Upside max profit is unbounded; downside max profit is bounded at the put strike minus the combined debit (reached at zero). Max loss equals the combined debit times 100 (reached anywhere between the two OTM strikes). Two breakevens at call-strike plus debit and put-strike minus debit. For the INGR strangle priced from the end-of-day chain at a 30-day expiry (ATM IV 8.10%), the computed maximum profit is unbounded per contract and the computed maximum loss is -$142.50 per contract. Live intraday quotes will differ as the chain moves through the trading session.

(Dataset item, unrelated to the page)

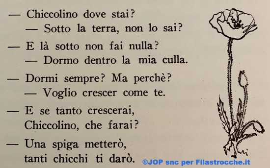 Grazie Mariella! La filastrocca che ti recitava la tua dolce mamma, l’abbiamo qui: https://www.filastrocche.it/contenuti/la-spiga/ e anche qui: https://www.filastrocche.it/contenuti/chiccolino-2/

What is the breakeven for a INGR strangle?
The breakeven for the INGR strangle priced on this page is roughly $98.58 and $111.43 at expiration, derived from end-of-day chain premiums. Breakeven is the underlying price at which the strategy's P&L crosses zero ignoring transaction costs and assignment risk. The current INGR market-implied 1-standard-deviation expected move is approximately 2.32%; if the move sits well outside the breakeven distance, the structure's risk-reward becomes correspondingly tighter.
When should you consider a strangle on INGR?
Strangles on INGR are the cheaper cousin of the straddle - traders use them when they want a large directional move but are willing to give up the inner-strike sensitivity in exchange for a lower up-front debit on the INGR chain.
How does current INGR implied volatility affect this strangle?
INGR ATM IV is at 8.10% with IV rank near 0.00%, which is on the low end of its 1-year range. Premium-buying structures (long call, long put, debit spreads) are relatively cheap in this regime; premium-selling structures collect less credit per unit risk.